Stored dataset items:
· · · · · · ·
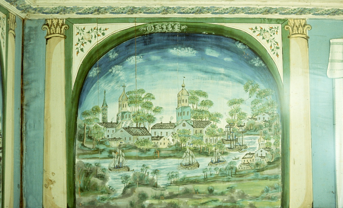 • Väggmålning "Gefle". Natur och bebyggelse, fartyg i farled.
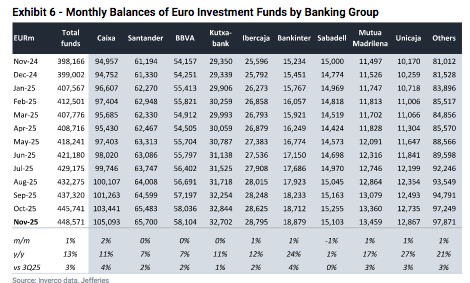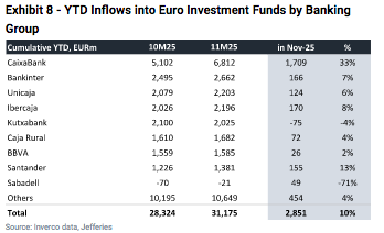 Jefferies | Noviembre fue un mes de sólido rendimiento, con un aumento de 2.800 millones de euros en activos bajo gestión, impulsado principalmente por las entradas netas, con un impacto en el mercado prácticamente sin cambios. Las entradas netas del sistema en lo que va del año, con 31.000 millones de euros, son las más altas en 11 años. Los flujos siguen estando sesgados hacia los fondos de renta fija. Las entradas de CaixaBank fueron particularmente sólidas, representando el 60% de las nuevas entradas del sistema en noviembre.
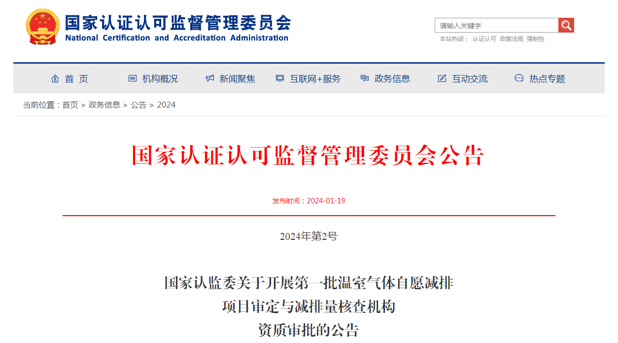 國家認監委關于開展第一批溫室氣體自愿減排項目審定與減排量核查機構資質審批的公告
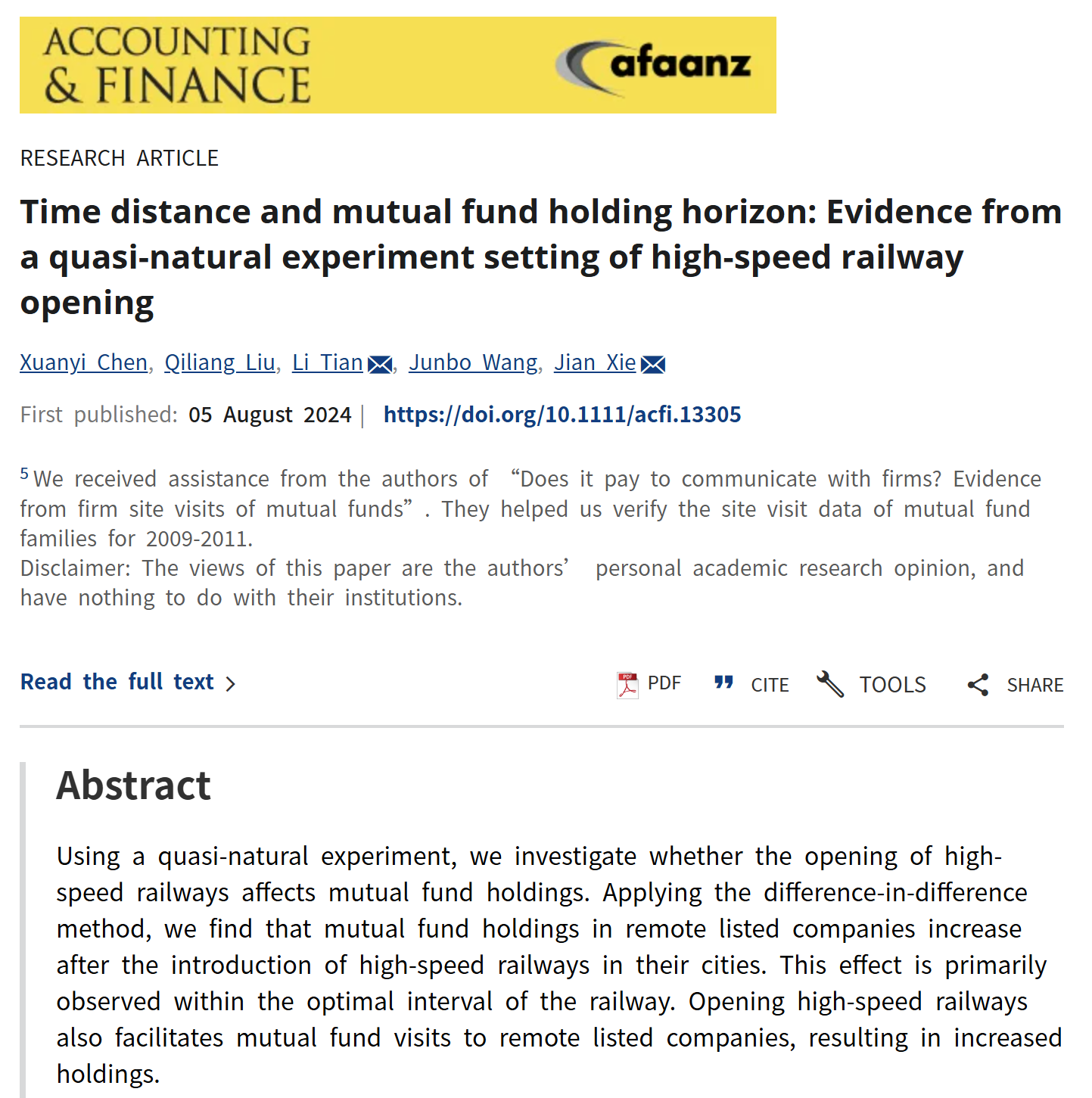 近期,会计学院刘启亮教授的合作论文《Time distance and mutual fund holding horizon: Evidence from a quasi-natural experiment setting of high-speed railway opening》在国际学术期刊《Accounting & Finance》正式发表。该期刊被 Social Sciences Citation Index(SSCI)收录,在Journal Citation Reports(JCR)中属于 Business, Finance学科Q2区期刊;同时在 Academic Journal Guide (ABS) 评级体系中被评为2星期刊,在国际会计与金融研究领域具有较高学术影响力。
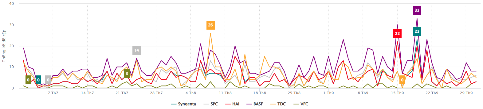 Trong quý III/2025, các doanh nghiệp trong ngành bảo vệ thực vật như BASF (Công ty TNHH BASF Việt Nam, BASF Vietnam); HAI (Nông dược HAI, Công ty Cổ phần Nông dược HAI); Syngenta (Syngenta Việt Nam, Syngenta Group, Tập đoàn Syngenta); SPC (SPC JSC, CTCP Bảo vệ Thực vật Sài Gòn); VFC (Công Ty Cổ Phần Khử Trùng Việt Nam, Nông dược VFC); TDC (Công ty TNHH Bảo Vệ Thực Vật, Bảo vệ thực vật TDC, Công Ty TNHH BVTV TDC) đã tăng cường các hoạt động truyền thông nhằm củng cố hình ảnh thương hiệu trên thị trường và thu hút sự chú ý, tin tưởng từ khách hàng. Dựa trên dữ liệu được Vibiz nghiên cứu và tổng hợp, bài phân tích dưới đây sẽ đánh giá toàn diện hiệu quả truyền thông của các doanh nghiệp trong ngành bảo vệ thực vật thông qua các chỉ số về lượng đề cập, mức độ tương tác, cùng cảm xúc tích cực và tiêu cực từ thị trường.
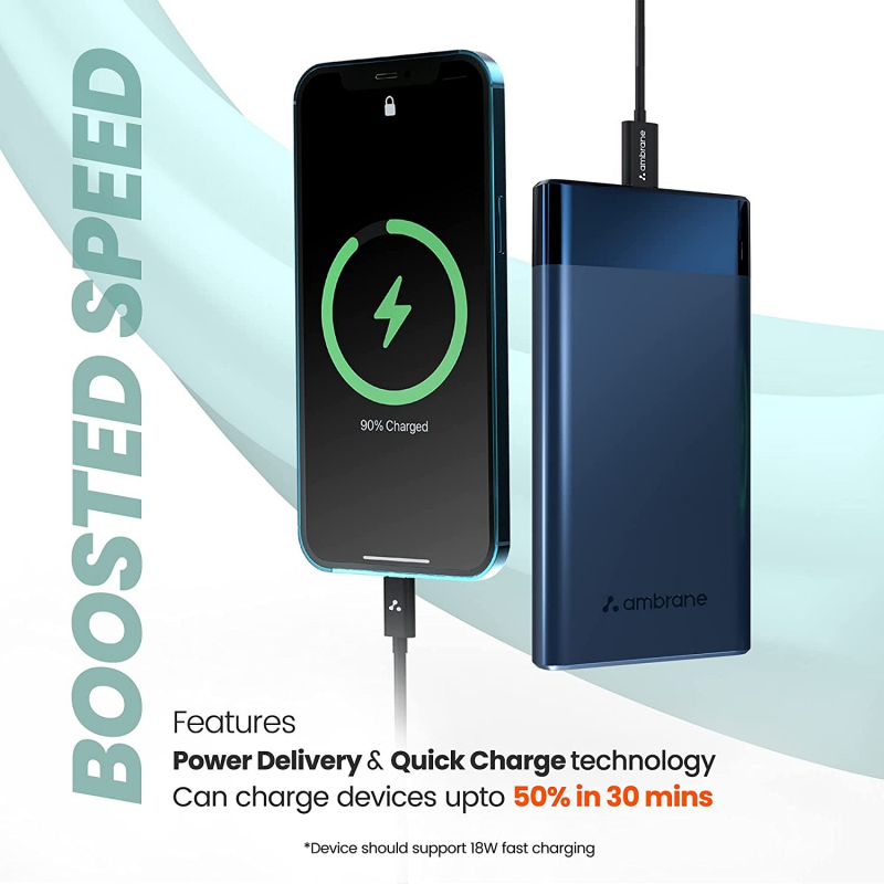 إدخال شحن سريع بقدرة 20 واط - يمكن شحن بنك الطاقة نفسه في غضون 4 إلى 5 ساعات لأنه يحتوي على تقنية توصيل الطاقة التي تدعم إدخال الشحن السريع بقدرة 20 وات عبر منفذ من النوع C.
· · · · · · ·
WORK INSTRUCTIONS:
Repeat each record exactly, with the pictures left out.

RESULT FOR THIS EXERCISE:
 • Väggmålning "Gefle". Natur och bebyggelse, fartyg i farled.
 Jefferies | Noviembre fue un mes de sólido rendimiento, con un aumento de 2.800 millones de euros en activos bajo gestión, impulsado principalmente por las entradas netas, con un impacto en el mercado prácticamente sin cambios. Las entradas netas del sistema en lo que va del año, con 31.000 millones de euros, son las más altas en 11 años. Los flujos siguen estando sesgados hacia los fondos de renta fija. Las entradas de CaixaBank fueron particularmente sólidas, representando el 60% de las nuevas entradas del sistema en noviembre.
 國家認監委關于開展第一批溫室氣體自愿減排項目審定與減排量核查機構資質審批的公告
 近期,会计学院刘启亮教授的合作论文《Time distance and mutual fund holding horizon: Evidence from a quasi-natural experiment setting of high-speed railway opening》在国际学术期刊《Accounting & Finance》正式发表。该期刊被 Social Sciences Citation Index(SSCI)收录,在Journal Citation Reports(JCR)中属于 Business, Finance学科Q2区期刊;同时在 Academic Journal Guide (ABS) 评级体系中被评为2星期刊,在国际会计与金融研究领域具有较高学术影响力。
 Trong quý III/2025, các doanh nghiệp trong ngành bảo vệ thực vật như BASF (Công ty TNHH BASF Việt Nam, BASF Vietnam); HAI (Nông dược HAI, Công ty Cổ phần Nông dược HAI); Syngenta (Syngenta Việt Nam, Syngenta Group, Tập đoàn Syngenta); SPC (SPC JSC, CTCP Bảo vệ Thực vật Sài Gòn); VFC (Công Ty Cổ Phần Khử Trùng Việt Nam, Nông dược VFC); TDC (Công ty TNHH Bảo Vệ Thực Vật, Bảo vệ thực vật TDC, Công Ty TNHH BVTV TDC) đã tăng cường các hoạt động truyền thông nhằm củng cố hình ảnh thương hiệu trên thị trường và thu hút sự chú ý, tin tưởng từ khách hàng. Dựa trên dữ liệu được Vibiz nghiên cứu và tổng hợp, bài phân tích dưới đây sẽ đánh giá toàn diện hiệu quả truyền thông của các doanh nghiệp trong ngành bảo vệ thực vật thông qua các chỉ số về lượng đề cập, mức độ tương tác, cùng cảm xúc tích cực và tiêu cực từ thị trường.
 إدخال شحن سريع بقدرة 20 واط - يمكن شحن بنك الطاقة نفسه في غضون 4 إلى 5 ساعات لأنه يحتوي على تقنية توصيل الطاقة التي تدعم إدخال الشحن السريع بقدرة 20 وات عبر منفذ من النوع C.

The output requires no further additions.